Пожалуйста, говорит Мишель себе. Пожалуйста, пожалуйста, пожалуйста. Пусть с тобой все будет хорошо. Пусть ты вернешься живым и здоровым. Пусть ты разрешишь ему жить. И пусть мы уедем с тобой навсегда из этого богом забытого места.

4

Дозорный на воротах видит их первым.

– Едут! Едут!

Тут же двор заполняется людьми – как будто игрушечных солдатиков из коробки высыпали. Створы ворот открываются еще минут за десять до того, как чадящий трактор и облепившие его люди доберутся до них. Но прежде чем на тракторный прицеп набросится оголодавшая ребятня, дозорный на воротах бросает обескураженно:

– Кажись, порожние едут!

И точно: прицеп громыхает, как огромная пустая жестянка. Облаком окутало возвращающийся отряд ощущение беды, и каждый, кто подходит к ним близко, тоже окунается в знобливый холод. Лица у вернувшихся из похода вытянувшиеся, серые. Лица такие, как будто они потеряли кого-то, кто отправлялся с ними в этот поход.

Полкан, спустившийся во двор, потирая руки, натыкается на их взгляды и начинает пересчитывать бойцов. Егор тут, все остальные вроде тоже.

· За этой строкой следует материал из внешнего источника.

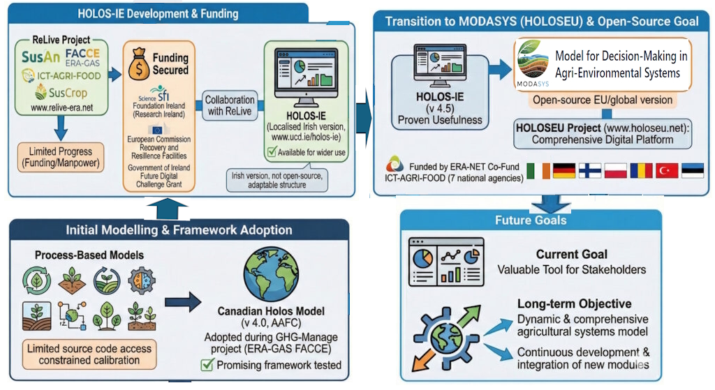 Following the successful testing of the Holos model, we proposed its advancement within the ReLive project, funded by the ERA-NET Cofunds SusAn, FACCE ERA-GAS, ICT-AGRI-FOOD, and SusCrop (www.relive-era.net) led by UCD (Project Manager/Modeller: Dr Ibrahim Khalil, and Coordinator: Prof. Bruce Osborne). However, progress was limited due to constraints in funding and manpower. Shortly thereafter, we secured crucial funding from Science Foundation Ireland (now Research Ireland) via the European Commission Recovery and Resilience Facilities and the Government of Ireland under the Future Digital Challenge Grant led by UCD (Dr. Ibrahim Khalil). This enabled us to collaborate with the ReLive project and focus on developing a localised version for Ireland, resulting in the creation of HOLOS-IE (www.ucd.ie/holos-ie).

Тамара бросается к нему с объятиями, он выкручивается, но она тянет его домой – отогревать и кормить.

Полкан хмурит лоб.

– А где провизия-то, хлопцы? Вы куда вообще ездили?

Он выслушивает странные и ничего не объясняющие объяснения, Ямщикова затребует к себе, остальных распускает.

Ямщиков крутится у него в кабинете в гостевом кресле, как на раскаленной сковородке. Полкан слушает его недоверчиво, уточняет: неужели нет следов, не было ли гильз стреляных рассыпано, не выломаны ли ворота.

– А вокруг… Ну вокруг бы проверили… Могилы. Может, так вывели всех и в расход…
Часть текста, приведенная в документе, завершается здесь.